Goal of the exercise:
Return the data below in full and exactly, except that the pictures are dropped.

Supplied material:
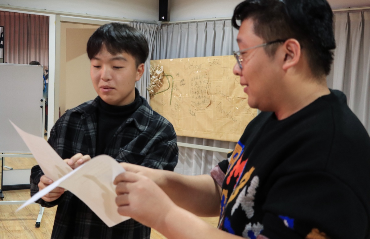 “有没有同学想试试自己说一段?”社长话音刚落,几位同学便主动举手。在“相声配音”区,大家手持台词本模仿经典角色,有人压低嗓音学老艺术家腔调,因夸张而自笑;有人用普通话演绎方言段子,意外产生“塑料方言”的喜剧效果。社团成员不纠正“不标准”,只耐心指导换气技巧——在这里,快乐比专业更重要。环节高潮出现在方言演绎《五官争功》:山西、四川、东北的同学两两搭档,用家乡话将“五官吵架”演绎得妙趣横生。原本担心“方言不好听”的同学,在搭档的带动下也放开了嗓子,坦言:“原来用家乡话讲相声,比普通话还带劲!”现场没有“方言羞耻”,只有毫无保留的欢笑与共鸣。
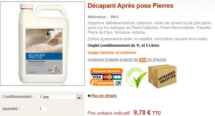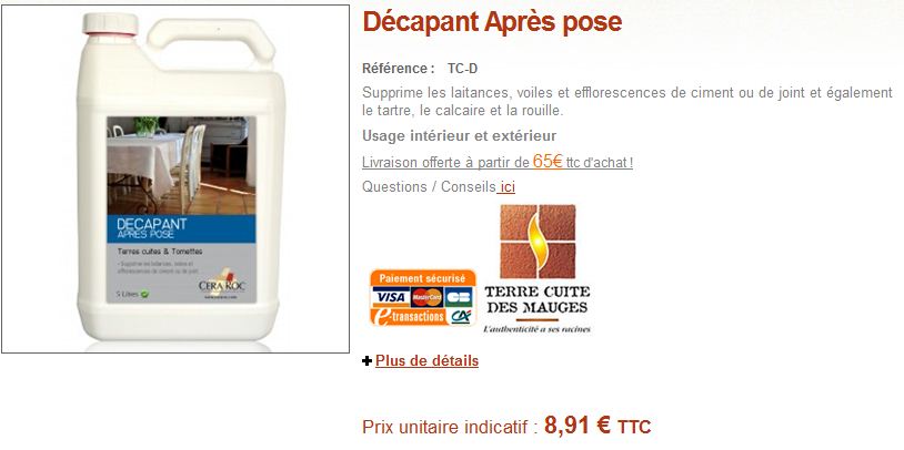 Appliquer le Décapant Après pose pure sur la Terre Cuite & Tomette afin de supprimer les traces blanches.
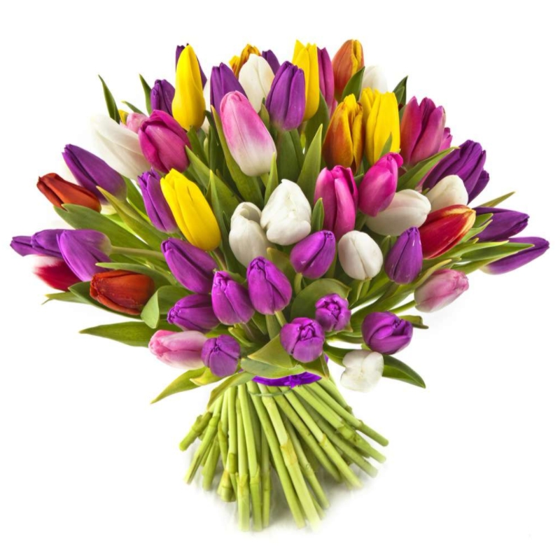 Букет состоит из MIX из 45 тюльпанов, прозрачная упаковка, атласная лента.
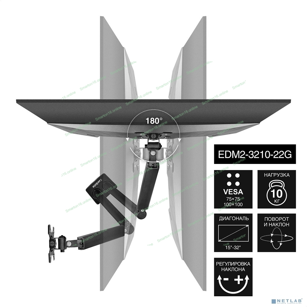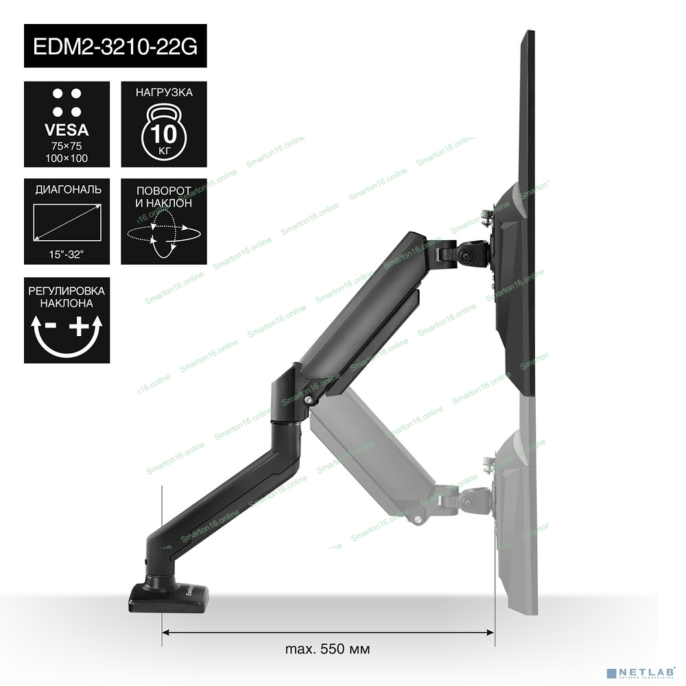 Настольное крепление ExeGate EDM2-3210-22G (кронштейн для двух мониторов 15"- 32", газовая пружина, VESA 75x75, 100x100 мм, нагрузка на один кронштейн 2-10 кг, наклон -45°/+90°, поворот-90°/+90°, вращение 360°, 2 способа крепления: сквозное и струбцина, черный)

Final answer:
 “有没有同学想试试自己说一段?”社长话音刚落,几位同学便主动举手。在“相声配音”区,大家手持台词本模仿经典角色,有人压低嗓音学老艺术家腔调,因夸张而自笑;有人用普通话演绎方言段子,意外产生“塑料方言”的喜剧效果。社团成员不纠正“不标准”,只耐心指导换气技巧——在这里,快乐比专业更重要。环节高潮出现在方言演绎《五官争功》:山西、四川、东北的同学两两搭档,用家乡话将“五官吵架”演绎得妙趣横生。原本担心“方言不好听”的同学,在搭档的带动下也放开了嗓子,坦言:“原来用家乡话讲相声,比普通话还带劲!”现场没有“方言羞耻”,只有毫无保留的欢笑与共鸣。
 Appliquer le Décapant Après pose pure sur la Terre Cuite & Tomette afin de supprimer les traces blanches.
 Букет состоит из MIX из 45 тюльпанов, прозрачная упаковка, атласная лента.
 Настольное крепление ExeGate EDM2-3210-22G (кронштейн для двух мониторов 15"- 32", газовая пружина, VESA 75x75, 100x100 мм, нагрузка на один кронштейн 2-10 кг, наклон -45°/+90°, поворот-90°/+90°, вращение 360°, 2 способа крепления: сквозное и струбцина, черный)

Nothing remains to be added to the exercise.